You can see this app running online at: Simple Linear Regression App Online

This app aims to demonstrate:

  • Interfacing with R using rpy2
  • Usage of further Python features with Tropofy

What this app does:

  • Accepts x,y data points
  • Performs a simple linear regression using rpy2 to interface to R
  • Displays results of regression

Note

This app does not aim to demonstrate the best way to do a simple linear regression in a Tropofy app. Google Charts has in built trend line functionality which would probably do the trick, and R also has its own in built graphing features.

Setup Instructions

Before you can run this app, you will need to install R and rpy2.

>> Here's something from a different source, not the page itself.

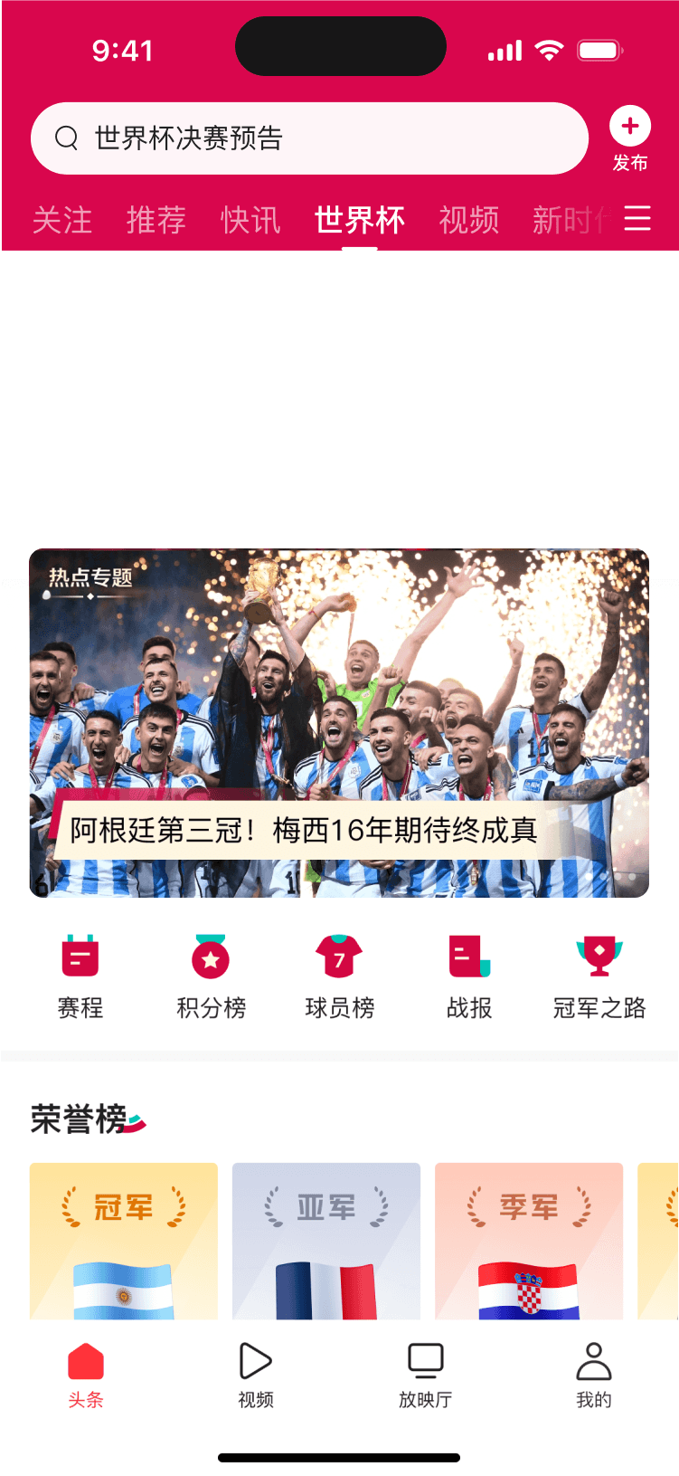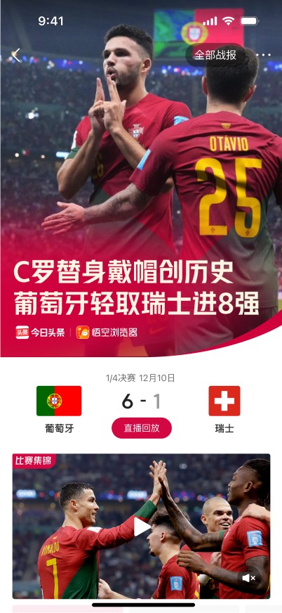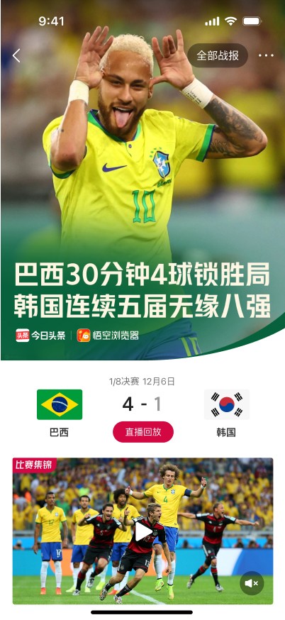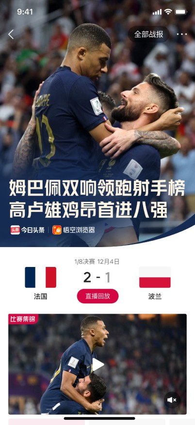 世界杯战报页头部:根据球衣颜色区分赛事,传递激烈赛事气氛

Next, use the app name 'tropofy_zombie_outbreak' to quickstart as in Running and Debugging Tropofy Apps

Full Source

"""
Author:      www.tropofy.com

Copyright 2015 Tropofy Pty Ltd, all rights reserved.

This source file is part of Tropofy and governed by the Tropofy terms of service
available at: http://www.tropofy.com/terms_of_service.html

This source file is distributed in the hope that it will be useful, but
WITHOUT ANY WARRANTY; without even the implied warranty of MERCHANTABILITY
or FITNESS FOR A PARTICULAR PURPOSE. See the license files for details.
"""

from datetime import datetime
from collections import namedtuple
from sqlalchemy.types import Float, DateTime
from sqlalchemy.schema import Column
from sqlalchemy.sql.expression import desc
from tropofy.database.tropofy_orm import DataSetMixin
from tropofy.app import AppWithDataSets, Step, StepGroup
from tropofy.widgets import SimpleGrid, ExecuteFunction, Chart
import rpy2.robjects as robjects
import pkg_resources


class Data(DataSetMixin):
    x = Column(Float, nullable=False)
    y = Column(Float, nullable=False)

    @classmethod
    def get_all(cls, data_set):
        return data_set.query(cls).all()


class RegressionResult(DataSetMixin):
    solved_datetime = Column(DateTime)
    gradiant = Column(Float, nullable=False)
    yintercept = Column(Float, nullable=False)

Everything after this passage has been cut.